Trees probably deriving from the original 1900 introduction of Carpinus viminea have grown 9–10 m tall in three great West Sussex woodland gardens, Nymans, Borde Hill and Wakehurst Place, though the first of these died around 2021 (Tree Register 2022). All developed very short trunks and broad canopies, and shared the elegance characteristic of most Asiatic hornbeams; the leaves flush red or purplish-bronze in spring. A 1962 planting at the Batsford Arboretum in Gloucestershire, seven metres tall in 2014 (Tree Register 2022), is likely to have been propagated from this stock, and the next introduction may not have been until 1986, when Roy Lancaster germinated seed sent by the Hangzhou Botanical Garden; the example in Lancaster’s own garden was 5 m tall in 2003 (Tree Register 2022). Other more recent re-introductions include BECX 270, from the ambiguous South Korean populations in 1982, and SICH 2058, from further south in China; examples from both collections grow at the Royal Botanic Gardens, Kew (Tree Register 2022). Plants from QPH 96/45, collected in southern Hunan in 1996, have grown more slowly at Howick Hall in coastal Northumberland, reaching 5 m by 2019 (Tree Register 2022); they seem to crave more summer heat (Grimshaw & Bayton 2009).

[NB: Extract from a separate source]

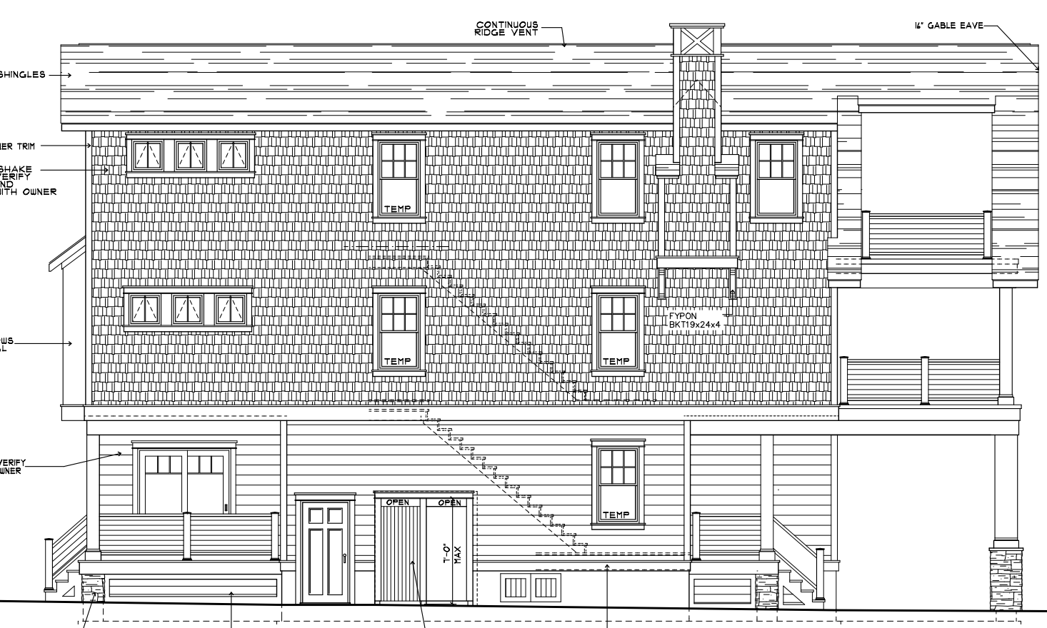 render this house elevation as a realistic 3d view siding light gray mist very light gray tone similar to james hardie light mist roof very dark gray or black shingles trim white windows white frames keep proportions window sizes and placements exactly as shown in the drawing

Like most Asiatic hornbeams, Carpinus viminea is currently available from several specialist nurseries in the UK (Royal Horticultural Society 2020). In the United States, it is represented by a good tree at the National Arboretum in Washington DC (Stewart 2010) and by several 2012 accessions at the J.C. Raulston Arboretum in North Carolina (J.C. Raulston Arboretum 2022). It is also hardy enough to be cultivated at the Denver Botanic Gardens (Royal Botanic Garden Edinburgh 2022), in USDA hardiness zone 5b-6a, and it was one of several species selected for use in an experimental breeding programme in Kansas, which aimed to produce tougher hornbeams for urban planting (Dirr 2009).